◆ Requirement
Instruction for the entries below: return the part that opens with the line containing "Knit shirt made" and closes with the line containing "- хронічні або", exactly, and no pictures.

══════

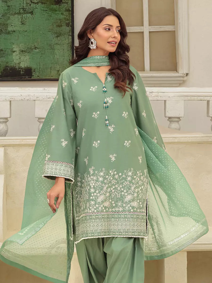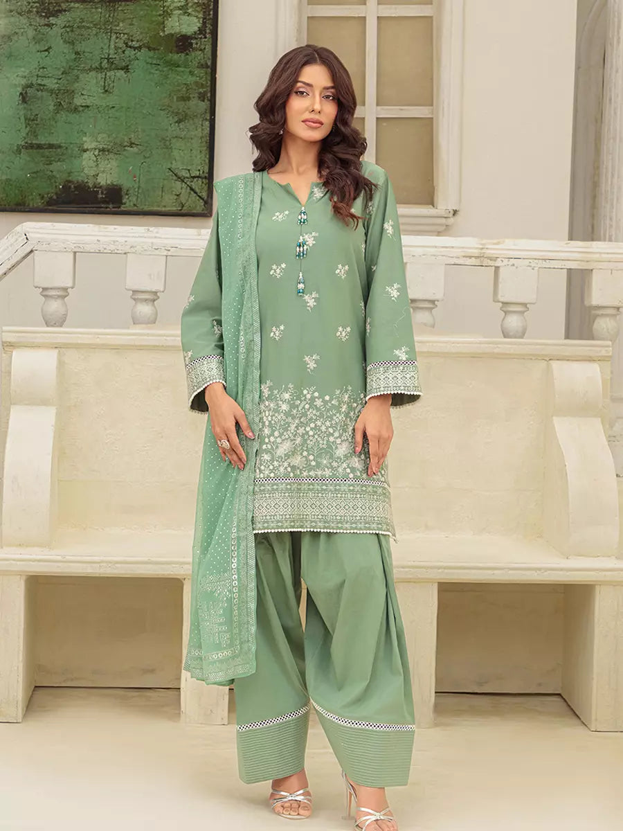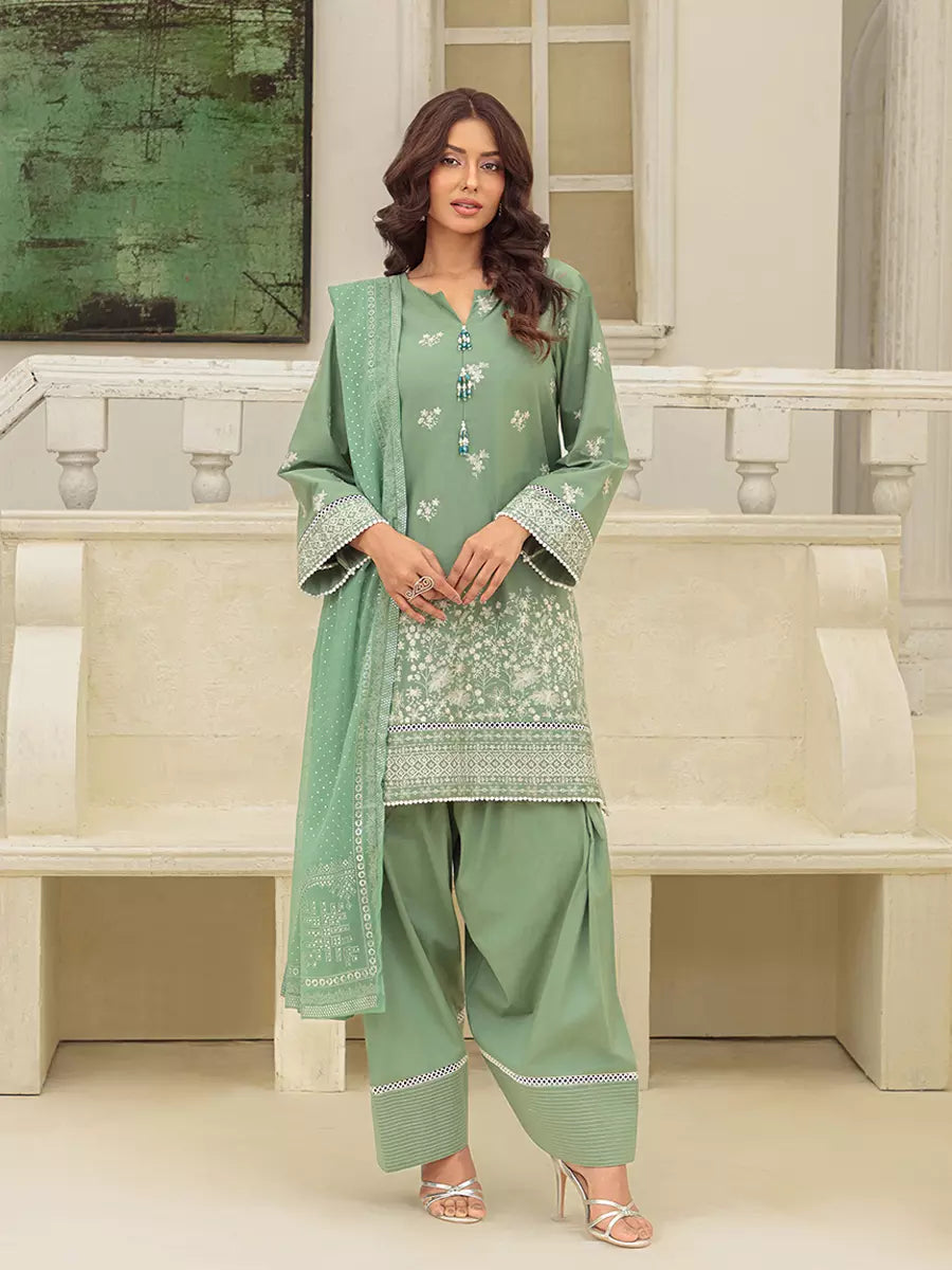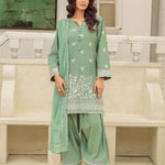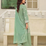 A stylish outfit featuring an embroidered Cambric shirt, paired with an chiffon Mukesh dupatta and a plain cambric trouser. Designed to offer comfort and elegance for any occasion, it's a versatile choice for Casual or festive Wear.
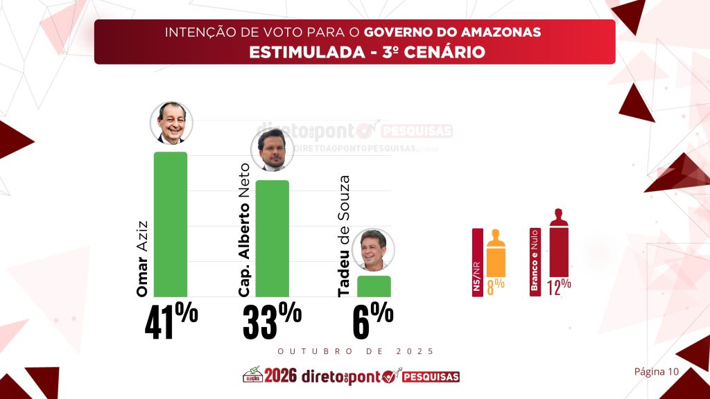 No terceiro cenário, que coloca Omar Aziz contra o deputado federal Capitão Alberto Neto, o resultado mostra Omar com 41% das intenções de voto, seguido por Capitão Alberto Neto com 33% e Tadeu de Souza com 6%. Brancos e nulos somam 12%, e 8% não responderam.
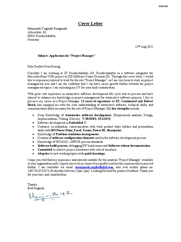 Mercedes Benz VGSi project in DIS Software Centre Division (D). Through this cover letter, I would
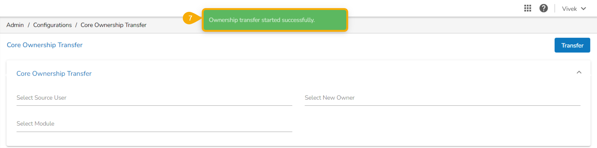 The Core Ownership Transfer Settings allows to transfer all the components of Data Center, Designer, Security, Home, and Pipeline modules from one user to another user.
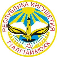 The name of the republic appears above the seal in Russian (Республика Ингушетия) and below the seal in Ingush (ГӀалгӀай Мохк).
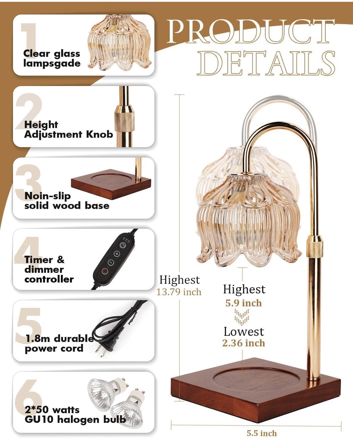 Candle Lamp Warmer with Timer, Adjustable & Dimmable with 2 Bulbs (3 style options)
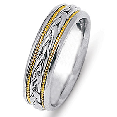 14 kt two-tone hand crafted 6.0 mm wide comfort fit wedding band. The ring has two 14 kt yellow gold ropes and a beautiful braid made in 14 kt white gold. The finish is all polished. Different finishes may be selected or specified.
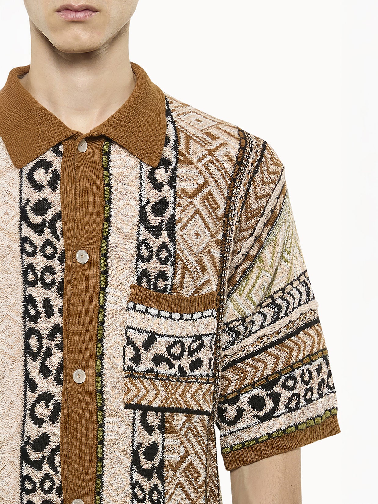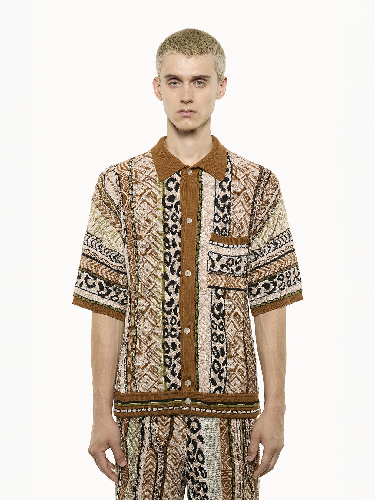 Knit shirt made from iconic multi-thread jacquard cotton. It features a regular fit with short sleeves and a button-up front. A tone-on-tone flat chest pocket. Made in Italy.
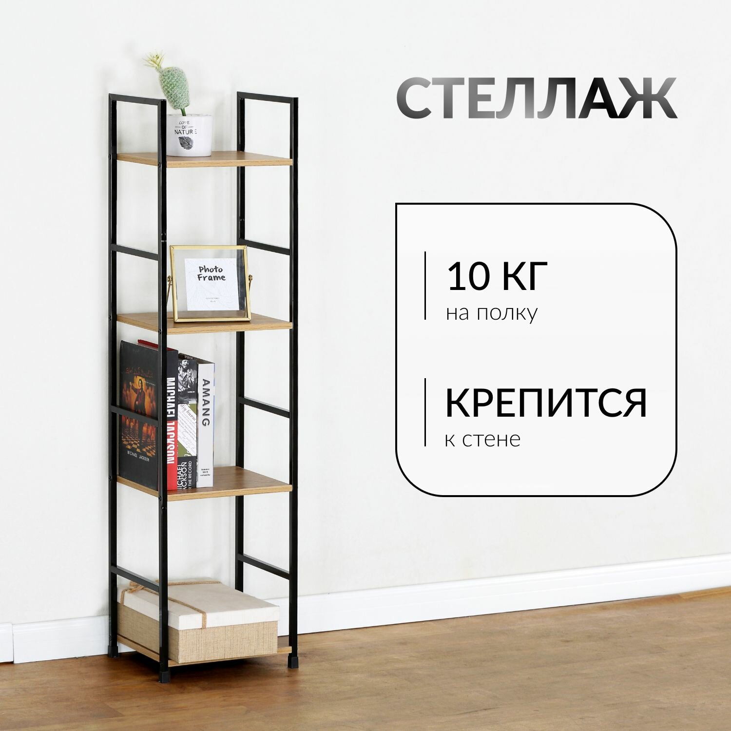 Стеллаж узкий Вудми, 4 полки, Дикий дуб информация:
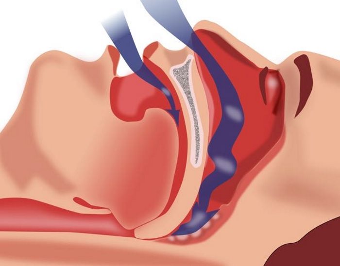 - хронічні або гострі захворювання, що перешкоджають диханню через носоглотку;
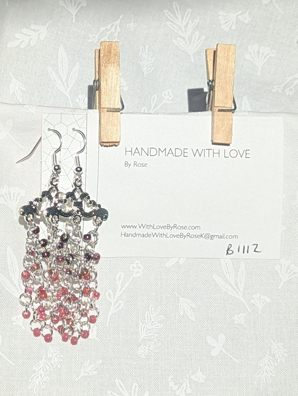 Add a touch of elegance and artistry to your style with these stunning handcrafted chainmail earrings. Carefully designed with intricate detail, each pair features delicate metal rings woven together to create a flowing, eye-catching design. Tiny seed beads and shimmering crystal accents add just the right amount of sparkle. As they dangle and move, they catch the light beautifully, making them a perfect statement piece for any occasion.
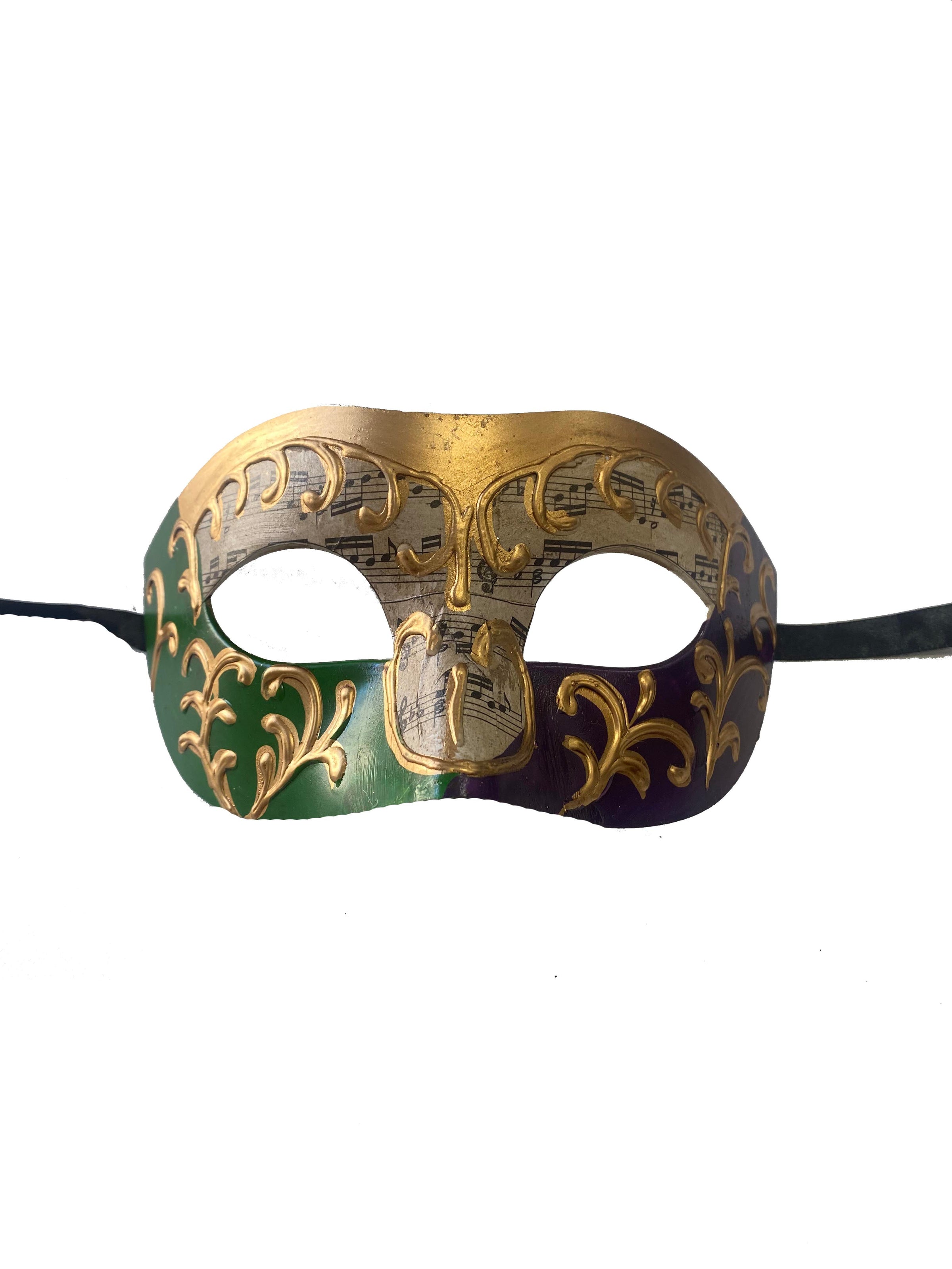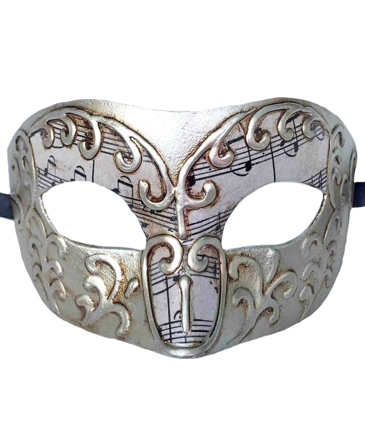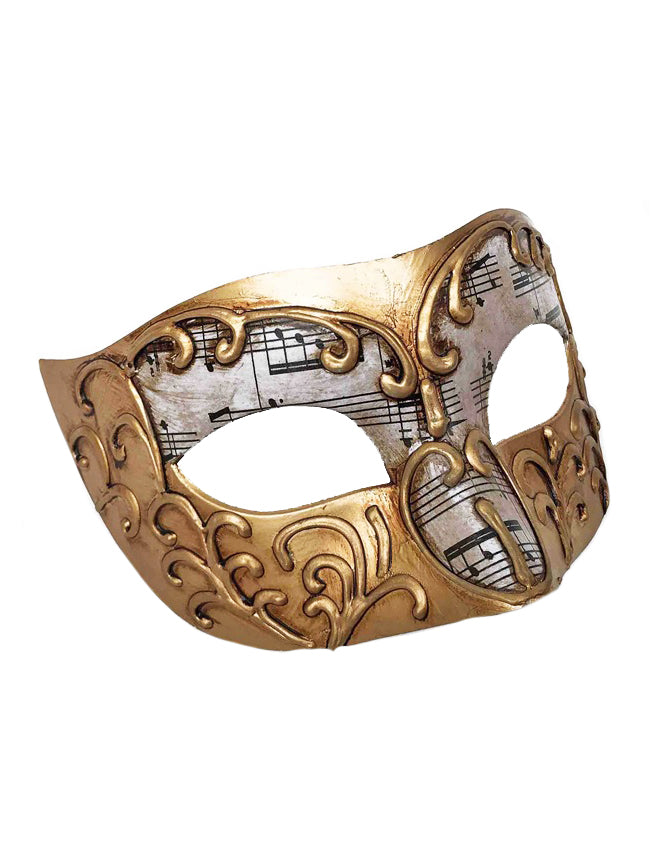 This mask features a music sheet underlay with a textured tased gold swirl overlay to make an intricate mask design. Each mask comes with black ribbon to tie.
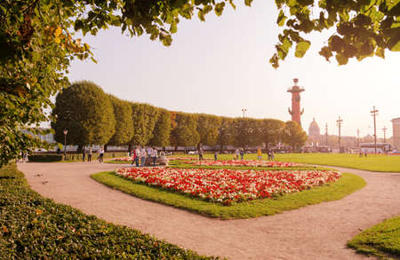 flowers, trees on Vasilievsky Island, rostral column on a sunny day, St. Petersburg, September 2020, editorial
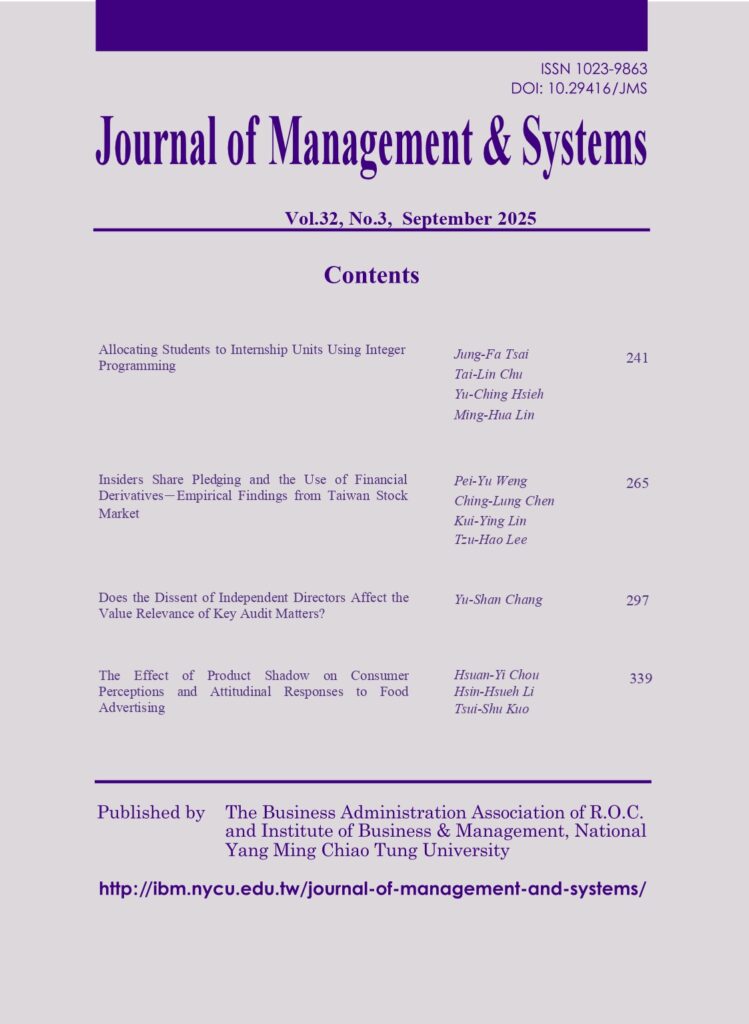 Executive Editors:Yung-Ming Li, Hao-Chun Chuang, Chih-Fong Tsai, Jiuh-Biing Sheu, Jin-Li Hu, Hung-Chang Chiu, Chieh-Peng Lin, Pin-Huang

══════

◆ Solution to this task
 Knit shirt made from iconic multi-thread jacquard cotton. It features a regular fit with short sleeves and a button-up front. A tone-on-tone flat chest pocket. Made in Italy.
 Стеллаж узкий Вудми, 4 полки, Дикий дуб информация:
 - хронічні або гострі захворювання, що перешкоджають диханню через носоглотку;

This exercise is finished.